WASHINGTON — Rain that did not go away helped last month win the title of being the fourth-wettest July on record for the D.C. area. And, last May was also very wet and very hot.
The deluge has posed some challenges this year for grapes growing in Virginia, since vines do best under dry conditions. So, how have area wineries faced all that drizzle and sizzle?
Brian Roeder, owner Barrel Oak Winery in Delaplane, admitted that this year has been tough overall.
“The last time we really had a rough season was 2011. This probably is the second worst season we’ve had since we went into business back in 2008,” he said.
Too much water brings the risk of spoilage and could affect the flavors in the grape, but Roeder said Virginia growers have best practices that drier states, such as California, may not have to follow.
For starters, he said there’s “a lot more canopy management to begin with.” At his vineyard, Roeder said they’ve been working hard to reduce the amount of foliage on the vines.
At Casanel Vineyards and Winery in Leesburg, winemaker and vineyard manager Katie Henley said it hasn’t been all sour grapes, even though she admitted that this year has been one of the wettest years on record for the vineyard.
“All that means is we really have to be on top of things in the vineyard with sprays, and manually hedging, and making sure the fruit looks good, and it’s clean. It’s been a little troubling,” she said.
Growers in Virginia “really are battling all of the elements,” Henley added. Vineyards have to watch out for the region’s humidity, which can promote mold and fungus growth, and the general amount of water that gets dumped on them.
Alexandria Scadden, events coordinator at The Winery at La Grange in Haymarket, added that since grapes are largely pollinated by wind, the rain earlier in the season would wash away the pollen, which left a number of incomplete clusters.
But, the Haymarket vineyard has been spraying for mold and mildew issues, and also has a canopy management plan.
Scadden is still optimistic for a good harvest, adding, “As long as we have a nice dry harvest season, September, October, we should be all right. But, yes, the rain will start to mess with the sugar content of the grapes as well as the acid.”
Henley echoes the sentiment. “The big hope is that it dries up,” she said.
And though temptation is there to bring in fruit from out of state, Henley said part of her vineyard’s ethos is to rely fully on Virginia fruit. “We also purchase fruit from neighboring vineyards in the area.
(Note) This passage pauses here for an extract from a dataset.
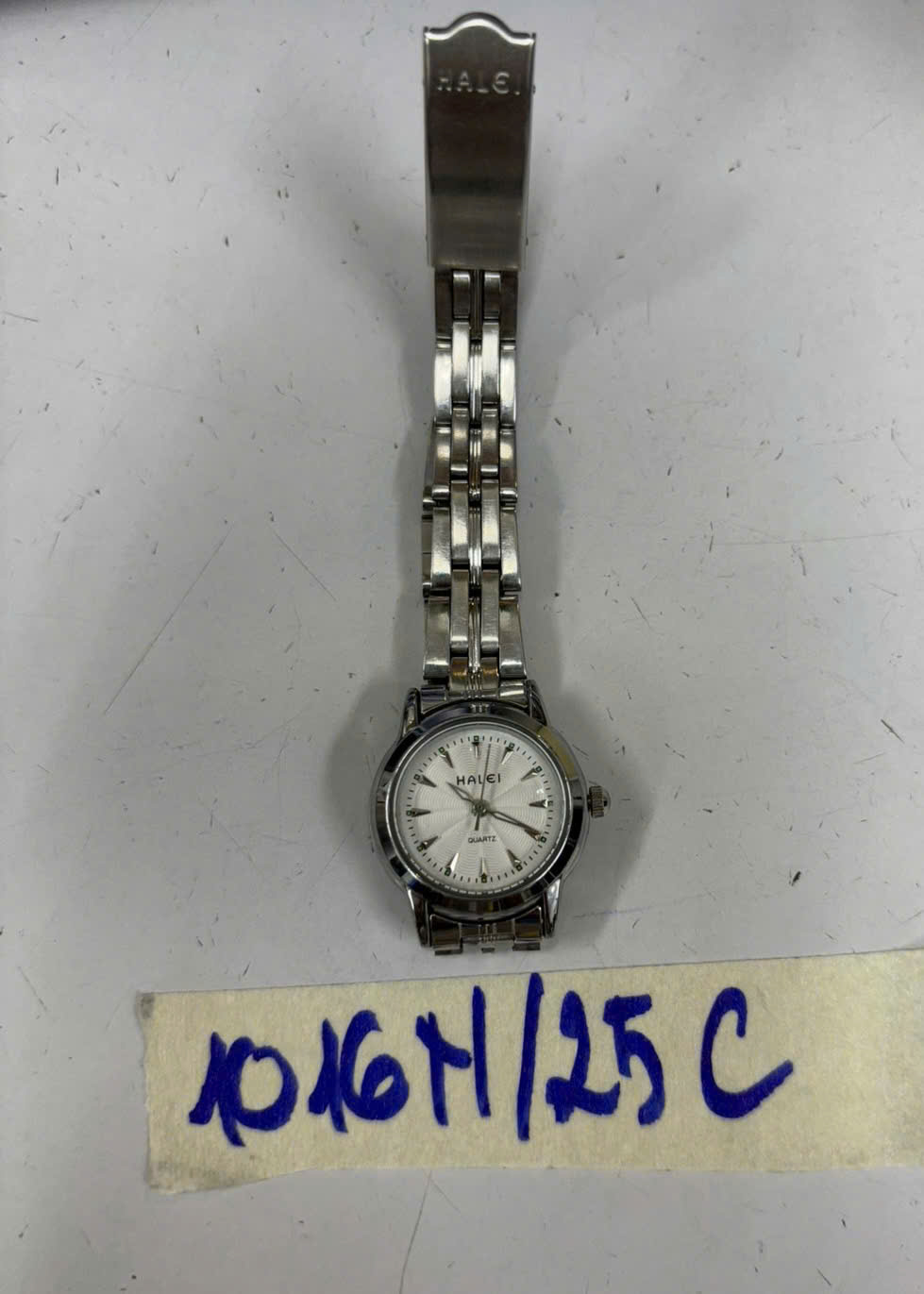 Ngày tiếp nhận: 03/6/2025 Mã hồ sơ: 1016N2025C Mô tả: 01 đồng hồ đeo tay bằng kim loại, mặt đồng hồ hình tròn có logo chữ HALEI. |

So my wines, my vintages, are very indicative of the land here in Virginia,” she said.
Henley’s goal continues to be making wines that are unique to Virginia. “Creating a Virginia wine is a unique opportunity to show the world that yes, it’s tough to grow here on the East Coast,” she said.
“But, when everything clicks, and there’s dryness, and not as much humidity, years like 2010, 2007, 2014, you can make some really beautifully expressive wines that do stand up nationally and internationally,” Henley added.
“This is not going to be a great year for Virginia wine,” Roeder said, but added that those who already know how to make good wines will be able to make good wines.
It’s just that great wines may not be in the forecast this year.